Until recently, I worked a split schedule at work. I did three 10 hour days from the office and two 5 hour days from home. This allowed me be balance work and mama. It wasn’t always easy, but it worked and worked well. Then it had to change, I was needed in the office more.
I like my job. And I think I am pretty good at it. And I will admit it is easier to be all employee and all mom when separating home and office. But I miss my girls. It is a physical ache. And it leaves me feeling like I need to be completely engaged as a mom when I get to be with them.
I have been trying to really be with them, especially when we are in the car heading to daycare. I want them to know how important they are to me. So I have been praying with them each morning on our way to the daycare and then listening to them talk and sing.
My almost 5 year is currently obsessed with I spy with my little eye. Have you ever noticed how hard that is to play when driving on the expressway? There is blue for the sky, green for the grass, yellow for the signs, that is about it. Drives me a little batty. I told her it is too hard to play on the expressway, so as soon as we exit “mommy, want to play I spy with my little eye.” And since I want to be engaged, I say yes.

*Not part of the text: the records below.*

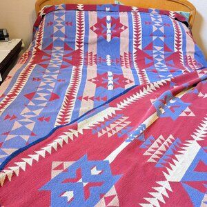 Pair of hand made pot holders newly made, never used Rag rug style Woven, braided, spiral Hanging loop 7 inches across Tan, orange and red New
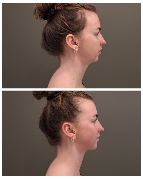 Sejas modelējošā masāža. Rezultāts pēc vienas reizes - pacēlies sejas ovals, izteiktāks žokļa stūris, samazinājies dubultzods. Augšējā bilde pirms, apakšā pēc.
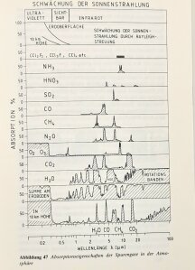 Die Grafik von Herrn Schulz stammt aus Wikipedia, Treibhauseffekt, Absorbtionsdiagramme und ist entsprechend Lücken und fehlerhaft. Allerdings zeigt sie schon den überbordenden Einfluss von Wasser in diesem Absorptions-/Emissionsgeschehen und man man sie verwenden, ohne gelöscht zu werden.
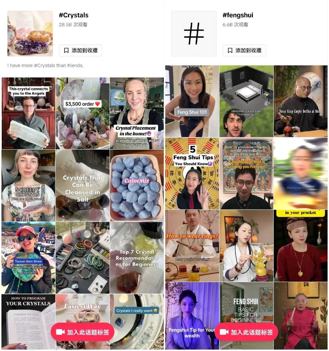 这些宏观数据,不仅说明了玄学经济的崛起,也解释了社交媒体上的玄学热潮——#fengshui(风水)话题标签累计观看量超过66亿次,一条根据风水判断床头方向的视频,收获了97万点赞;而在东西方神秘学中都至关重要的水晶,相关话题观看量更是达到了惊人的285亿次。

Well Friday morning, my mind was screaming “NO!!!” I just wanted to retreat into the music on the radio. I just wanted to enjoy the silence that comes with not talking, just listening to the radio. So I told her that today I didn’t really want to play I spy, rather she could tell me a story. She started to, but then trailed off into silence.
After a few mintes I turned the radio on softly. And tried to enjoy it, but instead I felt guilt and sadness. I had failed my daughter and myself. I had chosen what I wanted over a few minutes spent with her. And I have been feeling bad about it ever since.
Now I am left to wonder what to do with this mama guilt, how to balance it all.
How do you balance it? How do you engage your children?